Allegretti: We know that the highest efficacy is achieved when the material is delivered to the right colon. The literature shows that the overall C. diff cure rate is about 93% if you deliver the material to the right colon. The most common way to do that is with a full colonoscopy.

Also, in general, if you do a lower GI delivery as opposed to an upper endoscopy or NG tube where you’re delivering the material to the stomach or to the upper small bowel, the efficacy rates are higher. So, where you deliver the material does matter. They all work but lower GI delivery works better.

Regarding capsule delivery, the older formulation capsules were more of an upper GI delivery, meaning they opened higher up in the GI tract, and so you’d lose a bit of efficacy with those. With some of the older data you see around a 70% or 75% efficacy rate with older versions of capsules. Newer versions of capsules are coming down the line with directed colonic release and we’re presenting some of that data at DDW later this year. These new capsules have shown almost equivalent efficacy to colonoscopy. These are promising, because wouldn’t it be great if we could avoid doing a procedure and bowel prep?

I think capsules are the future, partly because for a lot of chronic diseases and in clinical trials you’re not doing a single transplant like you do with C. diff. What we’re learning is that in other chronic diseases like IBD, one FMT does not seem to be enough; you really need to do multiple therapies, whether it’s weekly or daily dosing, we don’t really know yet. We just know that more is better, and when you’re talking about patient quality of life, you can’t be asking patients to get a colonoscopy every week. Even doing an enema that frequently is not ideal, so if we can do capsule dosing, that will improve patient outcomes and QOL. Capsules will make it easier to do better research and will also be much easier on the patient.

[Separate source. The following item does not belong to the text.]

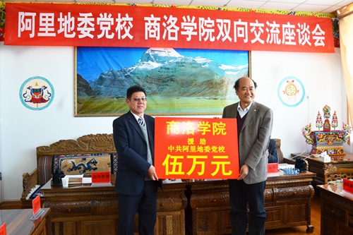 劉建林一行與中共西藏阿里地委黨校干部職工進行座談交流,并代表學校向阿里地委黨校資助5萬元,用于支持該校學科專業(yè)建設。西藏阿里地委委員、行署副專員王彪,阿里地委黨校常務副校長白瑪多吉出席座談會。座談會由阿里地委黨校副校長郭運良主持。

Healio: What is the rationale for the use of FMT in autoimmune conditions, and in what conditions beyond C. diff does it show the most potential?

Allegretti: There’s been a lot of mostly cross-sectional research looking at microbial differences between patients with a certain disease compared to healthy controls, and we are starting to see a lot of differences, and every disease is different. My work focuses on IBD, but even in subsets within IBD, for example primary sclerosing cholangitis, we see these very distinct microbial signatures that are very different from healthy controls.

We often see a lack of organisms that produce butyrate, a short-chain fatty acid that is known to be anti-inflammatory. So, there are these key organisms and key functions that might be missing, and perhaps we can replace those functions with FMT. By doing so, we can also learn about the microbial link to the pathogenesis of some of these diseases.

For example, Colleen Kelly, MD, of Brown University, is looking into FMT for alopecia areata right now, an autoimmune condition characterized by hair loss. A lot of what we’ve learned in C. diff is what led us here, so she noted anecdotally that in two patients with alopecia for whom she performed FMT for C. diff had this remarkable hair growth post-FMT. So, in doing so many FMTs for C. diff, we’re starting to notice some of these links to improvement in other conditions. I’m also currently enrolling for an obesity trial so we can start to understand what role the microbiome plays in both weight loss and weight gain.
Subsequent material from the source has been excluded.